Les vrais débuts de « sa » télévision remontent à 2010, le jour où il a assisté au démantèlement d'un campement rom juste « sous fenêtres ». M. Dzeladin habitait déjà en région parisienne et le hasard avait voulu que lui, Rom de Macédoine, se retrouve voisin de la misère à laquelle il avait voulu échapper dix ans plus tôt.
Ce n'est pas l'expulsion en soi qui le fait alors réagir, mais la façon dont elle est rapportée dans les médias : « Ils dressaient une nouvelle fois un portrait très réducteur des Roms », regrette-t-il. Depuis longtemps, il était très impliqué dans la défense de sa communauté. Mais cette fois, il a été excédé. Au point de décider d'« investir toutes économies dans le lancement de chaîne ».

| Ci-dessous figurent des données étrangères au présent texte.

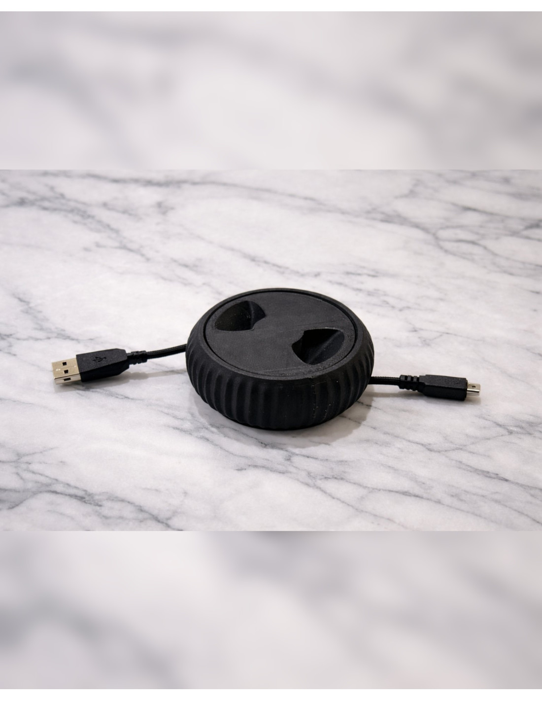 Compact USB cable reel for approx. 1.5 m cable - easy and tidy storage.

Pourtant loquace, il se fait plutôt discret sur les financements de sa télévision. « En quatorze mois d'existence, j'ai dépensé entre 135 000 et 140 000 euros », lâche-t-il seulement. Il reste également évasif sur le nombre d'abonnés et accepte uniquement de donner le nombre de connexions par jour sur son site : 120 000.
« PETITE RADIO ENTRE POTES »
Avant de créer sa chaîne, ce trentenaire très sûr de lui a longtemps enchaîné les petits boulots. Il a été vendeur de tapis, serveur, chef de réception dans un grand hôtel. Loin des clichés, il n'a jamais vécu dans un bidonville. Avant de s'installer en France, il avait même créé « une petite radio entre potes » en Macédoine. Il n'avait alors que 14 ans et bricolait des cintres pour en faire des antennes.
A Paris aussi, pour développer son projet, il bricole. Ses studios sont installés dans un petit appartement du 19e arrondissement. Dans le salon, les murs ont été repeints en vert pour qu'on puisse incruster des décors dans les images. Les autres pièces servent de régie et de bureau. « C'est moi qui fais tout, raconte-t-il fièrement. Je m'occupe de la régie, de l'animation, de l'éclairage et même du téléphone. »
M. Dzeladin reçoit ponctuellement l'aide d'un de ses fidèles amis, et des membres de sa famille mettent la main à la pâte. Son fils Antonio, 14 ans, anime son propre programme, « Le rêve des enfants », une sorte de « Club Dorothée » où il reçoit de jeunes Roms vivant en France pour parler musique, poésie… Généralement, ce sont des jeunes issus de familles plutôt bien insérées. Son oncle, âgé d'une soixantaine d'années, est chargé d'une émission sur la vie quotidienne et la culture, « Traditions chez les Roms ».
« CRAINTE PARTAGÉE »
Donner à voir une autre vision des Roms « à travers l'image »,telle est l'obsession du patron de Sutka City TV. Campements illégaux, vols, délinquance, mendicité… il ne nie pas les problèmes créés par certains membres de sa diaspora, mais il « ne veut pas qu'on les mette tous dans le même sac ». « On a tendance à ne pas considérer la majorité des Roms, qui sont en fait invisibles », explique-t-il.
La plupart des téléspectateurs qui téléphonent lors de son talk-show quotidien sont médecins, avocats, enseignants, revendique-t-il. Par peur d'être stigmatisé, il a lui-même longtemps caché ses origines et se disait macédonien plutôt que rom. En cause, une « crainte partagée par la majorité de la communauté rom », selon lui. Pour ses proches, Sutka City TV a même été un déclic et le lancement de la chaîne les a décomplexés, jure-t-il. Une fierté retrouvée qu'Andrijano Dzeladin souhaite pouvoir réveiller en chaque Rom, en France d'abord, mais aussi « pour les 15 millions de Roms d'Europe ».